You're in an MBTI forum. There's going to be a thread linking any preference/behavior to MBTI type. I assume these kinds of threads are more of fun thought exercises, than being 100% serious. 

I'm an INFP, and like almost anything. I can enjoy music for several different independent reasons as well.


----------



## Pathosray (Mar 13, 2012)

INTP here; I can enjoy anything as long as it is musically complex.

Scratch that.

I hate everything unless it is musically complex.


----------



## bigstupidgrin (Sep 26, 2014)

Pathosray said:


> INTP here; I can enjoy anything as long as it is musically complex.
> 
> Scratch that.
> 
> I hate everything unless it is musically complex.

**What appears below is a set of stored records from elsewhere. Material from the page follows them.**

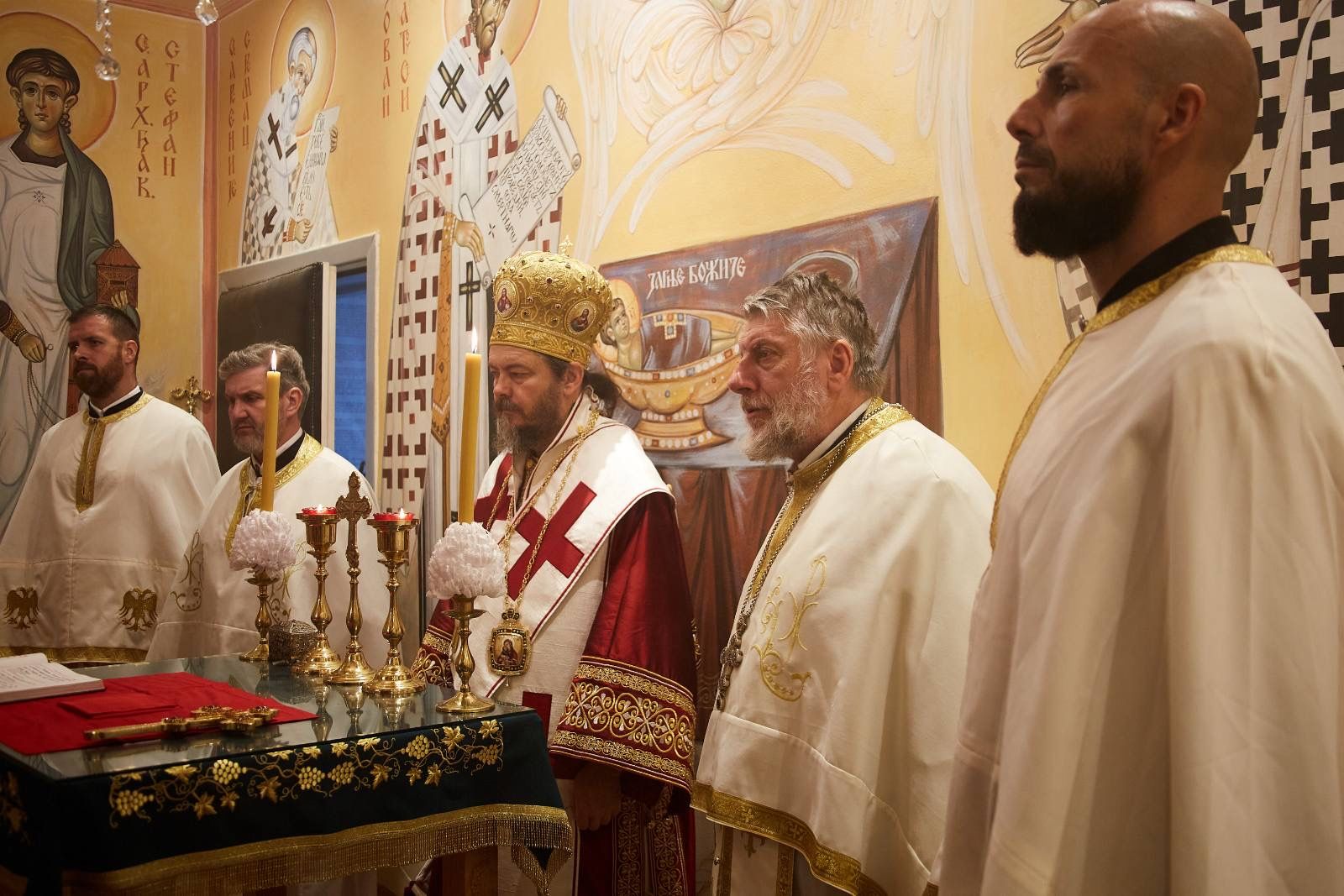Саслуживали су: протојереј-ставрофор Бранислав Цинцаревић, старешина Саборног храма Свете Тројице у Нишу; протојереј Миодраг Павловић, архијерејски намесник нишки; војни свештеник 63. падобранске бригаде мајор Иван Аврамовић; војни свештеник Треће бригаде Копнене Војске капетан прве класе Иван Ганић; и ђакон Лазар Симић. Појали су ученици Богословије Светих Кирила и Методија из Ниша.
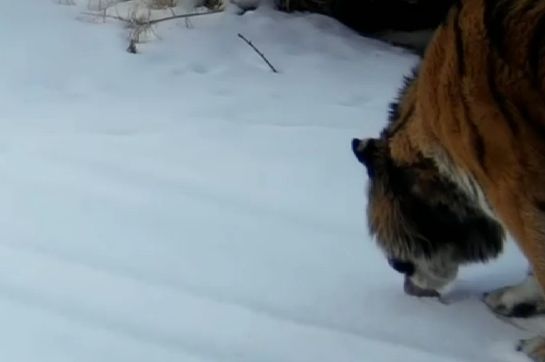 В Хинганском заповеднике Приамурья опубликовали новое видео с тигрицей Еленой, которая освежилась снегом. Запись сделана в марте.
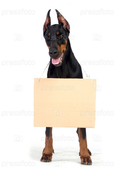 Собака доберман с пустым баннером

Are we going to have to take over the Game: Listen to the song above... thread with 15 minute+ prog songs?


----------



## Narcissus (Dec 18, 2014)

bigstupidgrin said:


> Are we going to have to take over the Game: Listen to the song above... thread with 15 minute+ prog songs?


Im in! xd


----------



## Indiana Dan (Jun 11, 2013)

I think the fact that I like punk rock is tied in with how I am INFJ. Punk provides an energy to raise the spirit above the mundane, bullshit society we have created. As an socially-unhealthy INFJ, I definitely need sources of energy like this because I do not get much energy from other people.


----------



## Beetle (Oct 2, 2014)

ISTP, and not sure...I don't know any other ISTPs and what they like. That being said, I like classic rock, 60s, 70s, 80s, progressive rock (like Kansas, Yes, ELO), blues, Irish punk...


----------



## Narcissus (Dec 18, 2014)

Beetle said:


> ISTP, and not sure...I don't know any other ISTPs and what they like. That being said, I like classic rock, 60s, 70s, 80s, progressive rock (like Kansas, Yes, ELO), blues, Irish punk...


I want to marry your musical preferences but only because asking this question directly to the person would seem rather irresponsible rn lol


----------



## NurseCat (Jan 20, 2015)

What somebody looks for in the music they listen to is absolutely dependent on their personality and values, but type probably has little to no influence on genre preferences. I could see Fi-dom types being drawn to alternative music, whereas Fe-dom types may enjoy what the people around them listen to, and Se-dom types focusing on the tone and beat, but that's all really.


----------



## Narcissus (Dec 18, 2014)

I guess it's just that you can't really tell what gerne a person will like, or predict their type 100% accurately based on what music they like, you can only try to come up with reasons for which they listen to this and not that. Like thinkers enjoying prog rock or psychedelia(I'm sorry I'm monothematic but I actually find it to fit here) because of intricate structure, while feelers may find the richness of such music satisfying to their feely-feels... Heh... I like it for both reasons, as apart from a thing for intricate mechanisms and structures I try to stay in touch with my poor little inferior Fe...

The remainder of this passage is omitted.